Another exception to the requirement of prior written consent permits schools to disclose personally identifiable information from an education record to appropriate parties, including the parents/guardians of an eligible student, in connection with an emergency, if knowledge of the information is necessary to protect the health or safety of the student or other individuals. Under this exception, a school may take into account the totality of the circumstances pertaining to a threat to the health or safety of a student or other individuals. If a school determines that there is an articulable and significant threat to the health or safety of a student or other individuals, it may disclose information from education records to any person whose knowledge of the information is necessary to protect the health or safety of the student or other individuals. If, based on the information available at the time of the determination, there is a rational basis for the determination, the United States Department of Education will not substitute its judgment for that of the school in evaluating the circumstances and making its determination.

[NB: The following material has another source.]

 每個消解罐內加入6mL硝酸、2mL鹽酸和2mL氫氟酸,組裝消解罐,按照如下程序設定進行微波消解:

Another exception to the requirement of prior written consent permits schools to disclose personally identifiable information from an education record to ED or to the DOJ for the enforcement of Federal legal requirements which relate to Federally-supported education programs. For example, this exception would permit a school to disclose, without obtaining prior written consent, education records to DOJ so that DOJ can conduct an investigation of the school’s compliance with the ADA.

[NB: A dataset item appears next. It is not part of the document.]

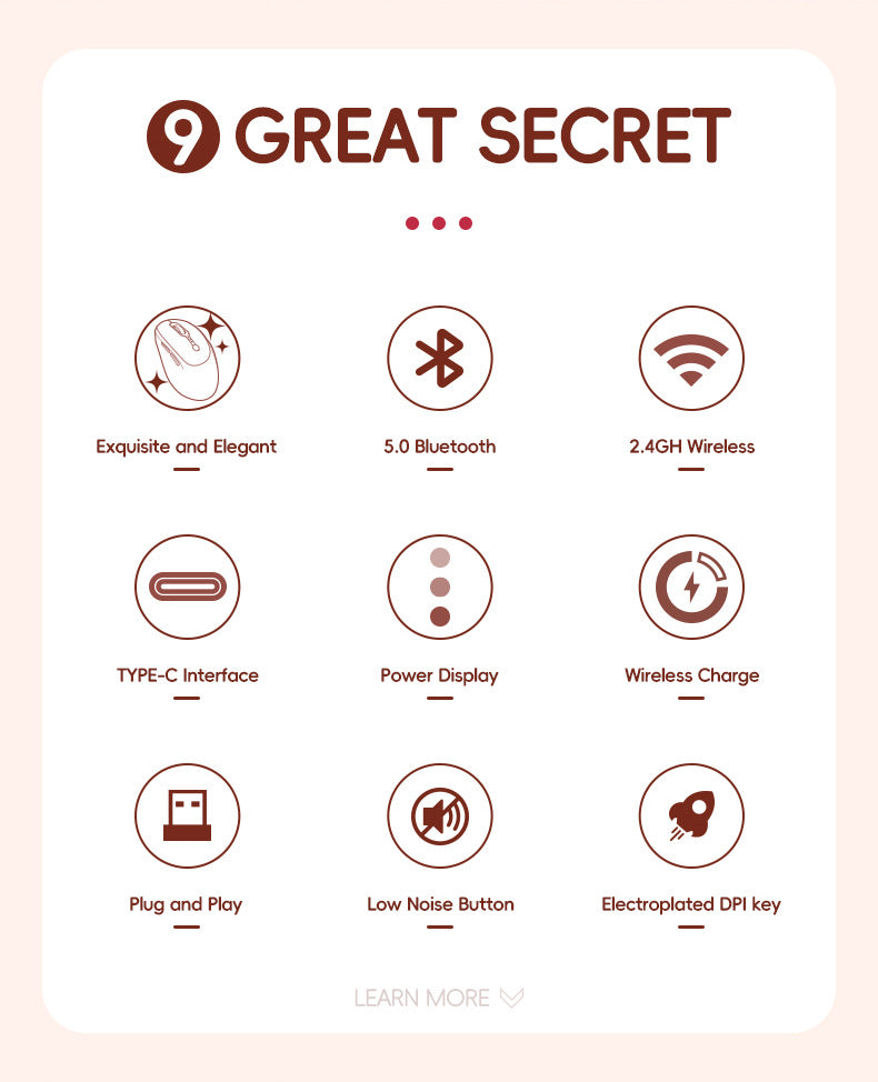 Q7 wireless mouse silent charging usb bluetooth dual mode women's pink

In addition, under FERPA, the parents/guardians or eligible students must be given the opportunity to inspect and review the student’s education records. A school must comply with a request for access to the student’s education records within a reasonable period of time, but not more than 45 days after it has received the request. FERPA also permits the parents/guardians or eligible students to request that a school correct education records that they believe to be inaccurate or misleading or in violation of the student’s right of privacy. If the school decides not to amend the education records, the school must notify the parents/guardians or eligible students of its decision and the parents/guardians or eligible students then have the right to a formal hearing. After the hearing, if the school still decides not to amend the education records, the parents/guardians or eligible students have the right to place a statement with the education records setting forth their views about the contested information or stating why they disagree with the school’s decision not to amend the records, or both. Similar requirements also apply to education records collected, maintained, or used under Part B of the IDEA.